Details
-
Bug
-
Resolution: Fixed
-
Critical
-
Lustre 2.12.1
-
None
-
configuration with router, MDS_FS_MKFS_OPTS="-O large_xattr", sanity-dom/sanityn
-
3
-
9223372036854775807
Description
During sanity-dom testing the next issue was appeared:
[ 1644.726837] LNetError: 3137:0:(lib-move.c:4143:lnet_parse()) 192.168.8.1@tcp, src 192.168.8.1@tcp: bad PUT payload 1051832 (1048576 max expected)
I've added a bit debug to take vmcores from a sender.
Here is analyze from crash
md = {
start = 0xffff880098200100,
length = 1051832,
threshold = 0,
max_size = -1742733056,
options = 0,
user_ptr = 0xffff880098200000,
eq_handle = {
cookie = 23
},
bulk_handle = {
cookie = 0
}
},
msg_niov = 1,
msg_iov = 0xffff88009995aba0,
msg_kiov = 0x0,
ffff880135be9800
rc_fmt = 0xffffffffc095d080 <RQF_LDLM_INTENT_OPEN>,
static const struct req_msg_field *ldlm_intent_open_server[] = {
&RMF_PTLRPC_BODY,
&RMF_DLM_REP,
&RMF_MDT_BODY,
&RMF_MDT_MD,
&RMF_ACL,
&RMF_CAPA1,
&RMF_CAPA2,
&RMF_NIOBUF_INLINE,
};
rc_area = {{4294967295, 4294967295, 4294967295, 4294967295, 4294967295, 4294967295, 4294967295, 4294967295, 4294967295, 4294967295}, {184, 112, 216, 2432, 260, 0, 0, 1048592, 4294967295, 4294967295}}
}
crash> p 184+112+216+2432+260+1048592
$15 = 1051796
The DOM size during open was 1Mb, the total length of lnet request was 1051796, and it doesn't fit at LNET_MTU limit. So the router shows error.

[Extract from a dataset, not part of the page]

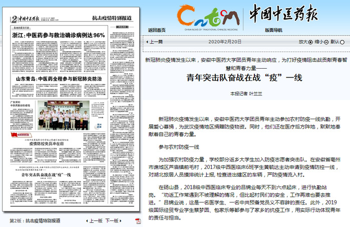新冠肺炎疫情发生以来,安徽中医药大学团员青年主动响应,为打好疫情阻击战贡献

This brings us to problem when we cannot handle 1Mb stripe size DOM at LNET layer. I think it is a problem for PFL when a first stripe located at MDS, probably.
The workaround for sanity-dom testing is to decrease DOM_SIZE at sanity-dom.sh
Also MDS should limit this size to prevent such misbehavior.
I've assigned this to Mikhail, I'm not sure.